Records drawn from a dataset:
=======

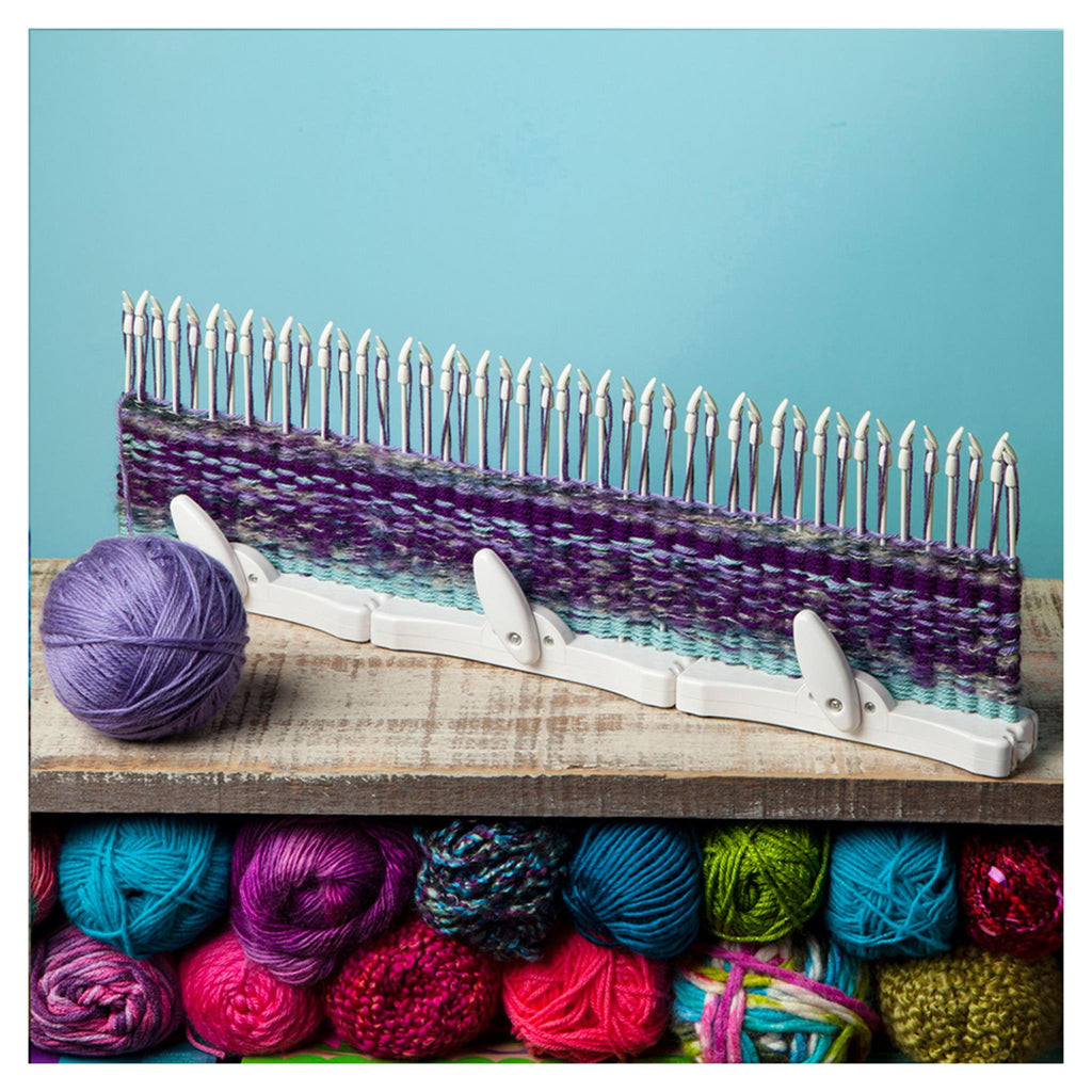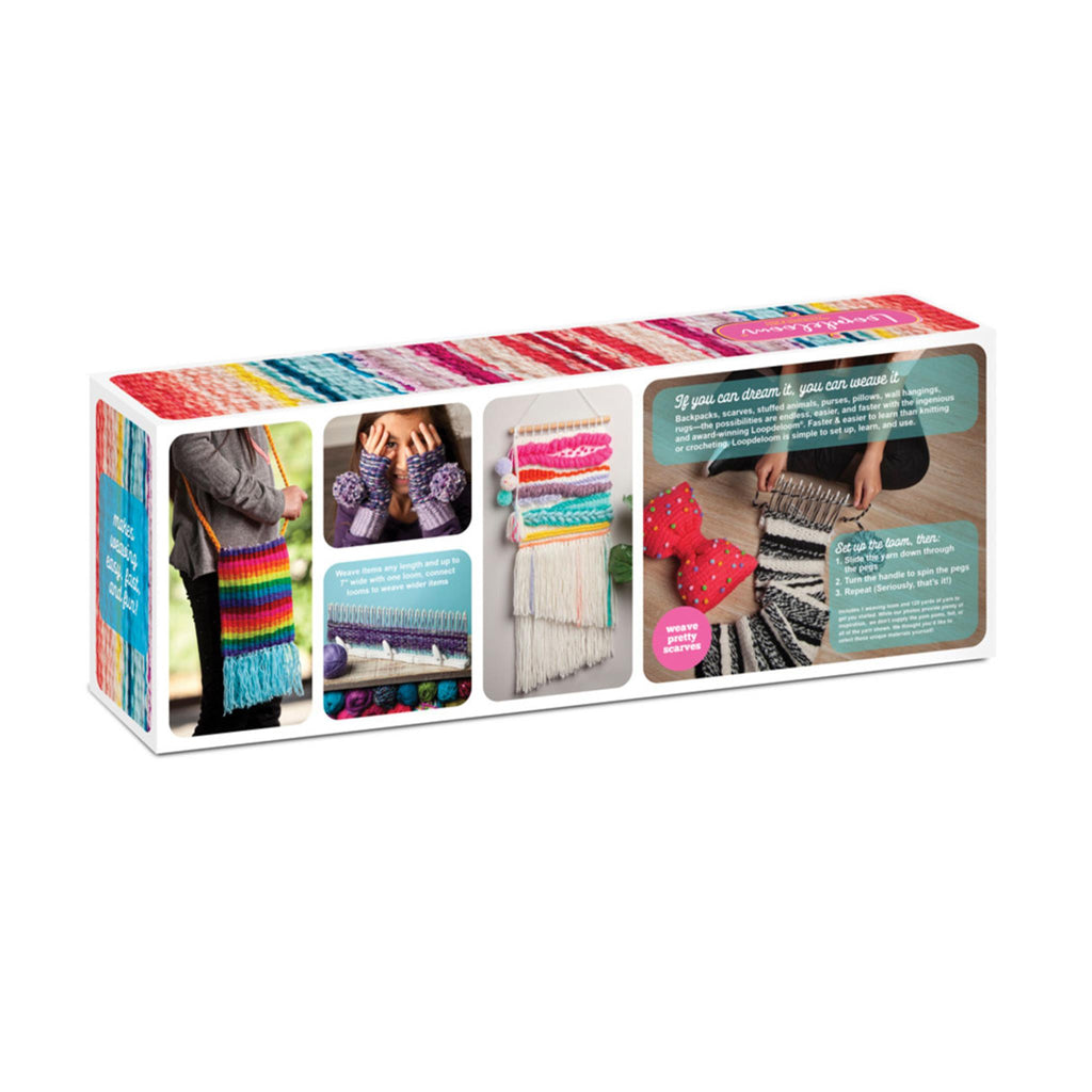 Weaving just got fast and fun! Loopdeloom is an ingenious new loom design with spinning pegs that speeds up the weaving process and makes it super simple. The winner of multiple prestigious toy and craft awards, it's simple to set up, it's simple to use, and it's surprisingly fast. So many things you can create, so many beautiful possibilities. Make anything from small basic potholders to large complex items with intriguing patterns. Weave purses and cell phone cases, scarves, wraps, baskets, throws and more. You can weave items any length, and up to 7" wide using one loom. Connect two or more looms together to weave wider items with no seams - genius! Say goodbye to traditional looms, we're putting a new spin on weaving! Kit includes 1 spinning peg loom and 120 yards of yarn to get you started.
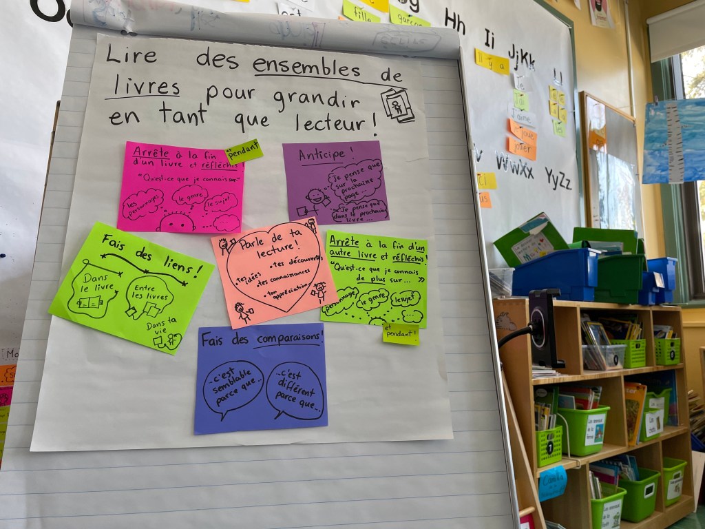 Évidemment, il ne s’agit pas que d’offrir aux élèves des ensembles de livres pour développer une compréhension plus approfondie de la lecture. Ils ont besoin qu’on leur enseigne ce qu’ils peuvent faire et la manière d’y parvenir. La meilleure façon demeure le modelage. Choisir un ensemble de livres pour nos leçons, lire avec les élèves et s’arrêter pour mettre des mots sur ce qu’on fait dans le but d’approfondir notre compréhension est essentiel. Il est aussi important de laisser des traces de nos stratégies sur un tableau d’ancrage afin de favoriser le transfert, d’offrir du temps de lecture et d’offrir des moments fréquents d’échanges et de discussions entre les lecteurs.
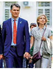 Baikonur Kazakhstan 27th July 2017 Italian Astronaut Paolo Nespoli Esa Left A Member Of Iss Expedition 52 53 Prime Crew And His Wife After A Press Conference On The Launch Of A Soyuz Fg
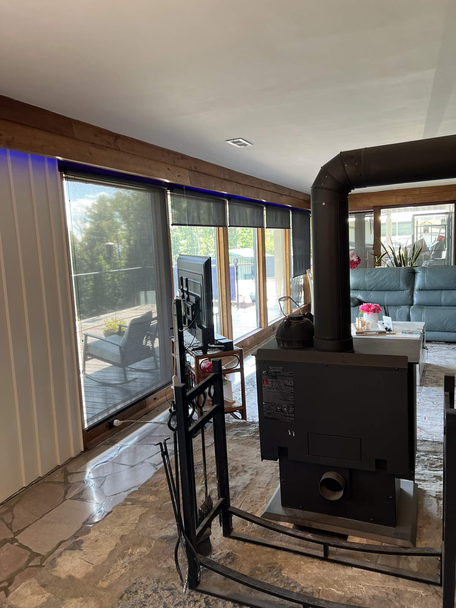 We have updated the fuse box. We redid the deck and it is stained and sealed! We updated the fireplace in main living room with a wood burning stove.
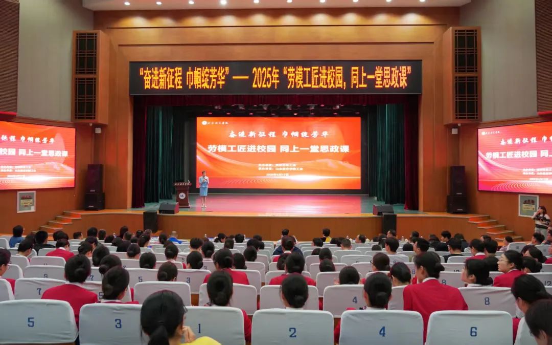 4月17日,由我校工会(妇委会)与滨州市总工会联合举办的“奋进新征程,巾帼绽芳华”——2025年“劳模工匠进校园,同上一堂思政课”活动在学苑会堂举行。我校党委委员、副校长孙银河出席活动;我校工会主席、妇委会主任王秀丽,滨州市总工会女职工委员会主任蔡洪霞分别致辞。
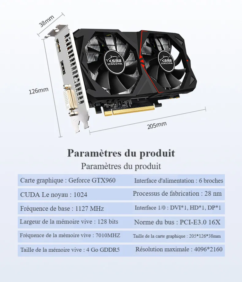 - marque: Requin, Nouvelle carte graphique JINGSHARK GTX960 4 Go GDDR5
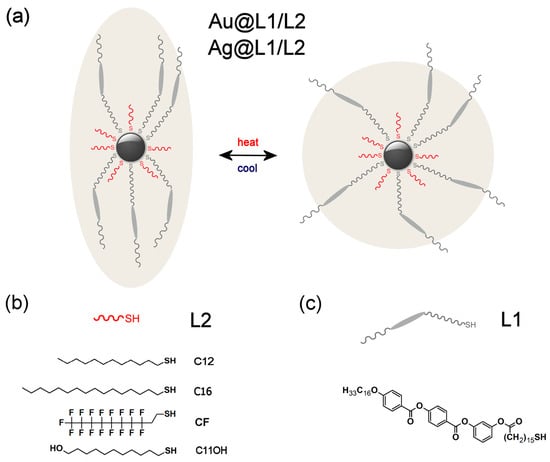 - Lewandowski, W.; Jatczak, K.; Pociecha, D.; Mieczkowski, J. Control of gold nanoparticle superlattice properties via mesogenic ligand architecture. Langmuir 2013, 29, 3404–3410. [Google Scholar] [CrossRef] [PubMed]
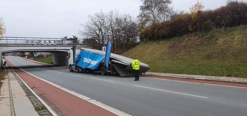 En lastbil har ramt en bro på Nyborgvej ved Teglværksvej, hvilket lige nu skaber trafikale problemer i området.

=======

• Activity
Reproduce every record above exactly, omitting the pictures.

• Exercise response
 Weaving just got fast and fun! Loopdeloom is an ingenious new loom design with spinning pegs that speeds up the weaving process and makes it super simple. The winner of multiple prestigious toy and craft awards, it's simple to set up, it's simple to use, and it's surprisingly fast. So many things you can create, so many beautiful possibilities. Make anything from small basic potholders to large complex items with intriguing patterns. Weave purses and cell phone cases, scarves, wraps, baskets, throws and more. You can weave items any length, and up to 7" wide using one loom. Connect two or more looms together to weave wider items with no seams - genius! Say goodbye to traditional looms, we're putting a new spin on weaving! Kit includes 1 spinning peg loom and 120 yards of yarn to get you started.
 Évidemment, il ne s’agit pas que d’offrir aux élèves des ensembles de livres pour développer une compréhension plus approfondie de la lecture. Ils ont besoin qu’on leur enseigne ce qu’ils peuvent faire et la manière d’y parvenir. La meilleure façon demeure le modelage. Choisir un ensemble de livres pour nos leçons, lire avec les élèves et s’arrêter pour mettre des mots sur ce qu’on fait dans le but d’approfondir notre compréhension est essentiel. Il est aussi important de laisser des traces de nos stratégies sur un tableau d’ancrage afin de favoriser le transfert, d’offrir du temps de lecture et d’offrir des moments fréquents d’échanges et de discussions entre les lecteurs.
 Baikonur Kazakhstan 27th July 2017 Italian Astronaut Paolo Nespoli Esa Left A Member Of Iss Expedition 52 53 Prime Crew And His Wife After A Press Conference On The Launch Of A Soyuz Fg
 We have updated the fuse box. We redid the deck and it is stained and sealed! We updated the fireplace in main living room with a wood burning stove.
 4月17日,由我校工会(妇委会)与滨州市总工会联合举办的“奋进新征程,巾帼绽芳华”——2025年“劳模工匠进校园,同上一堂思政课”活动在学苑会堂举行。我校党委委员、副校长孙银河出席活动;我校工会主席、妇委会主任王秀丽,滨州市总工会女职工委员会主任蔡洪霞分别致辞。
 - marque: Requin, Nouvelle carte graphique JINGSHARK GTX960 4 Go GDDR5
 - Lewandowski, W.; Jatczak, K.; Pociecha, D.; Mieczkowski, J. Control of gold nanoparticle superlattice properties via mesogenic ligand architecture. Langmuir 2013, 29, 3404–3410. [Google Scholar] [CrossRef] [PubMed]
 En lastbil har ramt en bro på Nyborgvej ved Teglværksvej, hvilket lige nu skaber trafikale problemer i området.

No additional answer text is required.